Wakonda Variety is a historic commercial building at 125 Ohio Street on Wakonda, South Dakota. It was listed on the National Register of Historic Places in 2002 as Building at 125 Ohio St. Its nomination form cited the Wakonda Variety building as a "well-preserved example of the Commercial style in a rural town setting where very few historic buildings are left."

==History==
The community of Wakonda began growing after a railroad was built through the area. A 1906 fire destroyed multiple wooden buildings in the commercial area. The Wakonda Variety building lot was first purchased by Wallace Wright in January 1907 from a local real estate company, and the building is believed to have been built later that year. Because it was constructed out of brick, the building survived a 1917 fire that destroyed most of the surrounding commercial structures (the nearby Wakonda State Bank also survived this event). Since its construction, the building has variably been a meat market, a drug store, a variety store, a newspaper office, and a casket storage space. By the late 1930s and through the 1940s, it was a pharmacy run by Neil Chancellor and later by Glen and Mae Sample. In 1968, it was sold to Wilfred and Ann Doty, who turned it into the Wakonda Variety store, by which name it is now best known. This store closed in 1980, at which point the Steffen family briefly took over the variety store business. After the final variety store closed, the building became vacant and has since been used as a private storage space. On February 14, 2002, it was added to the National Register of Historic Places.

==Architecture==
The Wakonda Variety building is a rare example of surviving early 20th architecture in Wakonda. Built in the Early Commercial style, it is constructed mostly out of brick and sits atop a concrete foundation. It contains a recessed central entryway with two large plate glass display windows on either side.
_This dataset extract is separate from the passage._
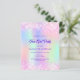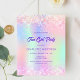 Um convite de aniversário feminino e feminino para uma menina adolescente. Na frente: Um arco-íris, fundo holográfico colorido em roxo, rosa, verde-menta. Decorado com faíscas rosadas. Personalize e adicione um nome e detalhes da parte. O nome é escrito com um script de estilo manuscrito, letras cor roxa. 1 folha = 1 convite impresso de borda a borda.

An exposed metal beam divides the first and second floors and still bears the text "Wakonda Variety". At each corner is a brick pilaster, which rises to and joins the corbelled parapet adorning the flat asphalt roof. The second floor contains double-hung arched windows with stone sills and decorative brickwork hoods. The building sharing its southeast wall, 127 Ohio Street, has a nearly identical façade but is not NRHP-listed due to having undergone heavy alterations.